In order to apply RV to a loop, annotate the loop with #pragma omp simd
and
use rvclang(++)
instead of clang(++)
to load the Region Vectorizer plugin into the compiler.
rvclang -fopenmp-simd --target=ve-linux -O3 <prog.c> -o <prog.o>
Preview feature: OpenMP target offloading (sotoc)
This release comes with a preview feature for OpenMP target offloadig from the VH to VE. The underlying method (sotoc) has been developer by RTWH Aachen and leverages VEOffload to perform the actual offloading.
To offload a parallel loop to the VE, use OpenMP pragmas as shown here for a saxpy kernel:
#pragma omp target \
map(to : x[0:m]) \
map(tofrom : y[0:m])
#pragma omp parallel for
for (int i = 0; i < m; ++i) {
y[i] = a * x[i] + y[i];
}
Compile the code with the following flags:
clang -fopenmp -fopenmp-targets=aurora-nec-veort -O3 <your_code.c> -o
This offloading prototype uses the ncc
compiler to compile the VE kernels for
offloading. To use clang
with the VE backend instead, also pass the option
-fopenmp-nec-compiler=clang|rvclang
to compile the VE code with clang or
rvclang.
VELIntrinsics
LLVM-VE-RV also supports VEL Intrinsics for low-level vector programming.
Add the compiler option -mvelintrin
to enable VEL Intrinsics. If you don’t, any VEL intrinsics that involve vector mask registers will lead to a compiler crash.

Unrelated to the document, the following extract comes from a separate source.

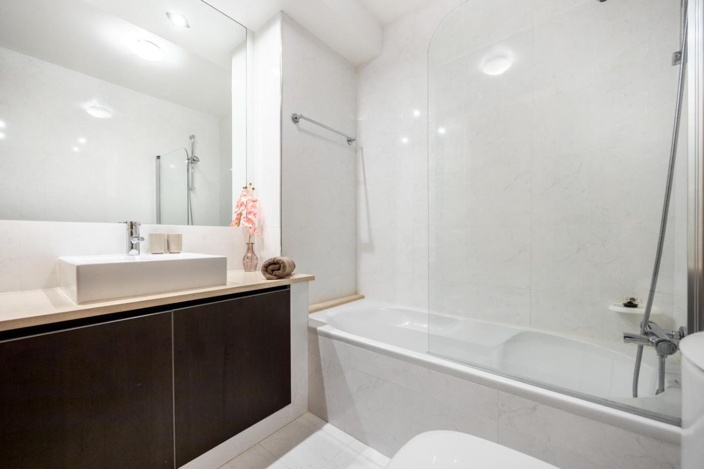 Two-Bedroom Apartment. Boasting a private entrance, this air-conditioned apartment comes with 1 living room, 2 separate bedrooms and 2 bathrooms with a bath and a shower. Meals can be prepared in the well-fitted kitchen, which features a stovetop, a refrigerator, a dishwasher and kitchenware. A seating area with a flat-screen TV, a washing machine and a balcony are available in this spacious apartment. The unit has 4 beds.
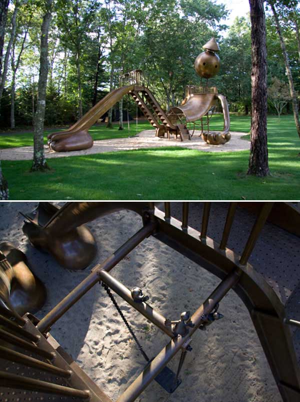 設計師Tom Otterness以機器人為出發點,設計出十分有趣的溜滑梯。(美國紐約)

Object files compiled with and without the -mvelintrin
flag are compatible.
Installation
Pre-build RPMs are available from github.
Building from source
To build the llvm-ve-rv compiler from source, i recommend the automatic build scripts in llvm-dev. Clone llvm-dev with:
git clone -b hpce/release_1.5.1 gh:sx-aurora-dev/llvm-dev.git
Clone all source repositories
. llvm-dev/clone.sh https://github.com/sx-aurora-dev hpce/release_1.5.1
and build llvm-ve-rv 1.5.1 using
bash llvm-dev/build-and-install.sh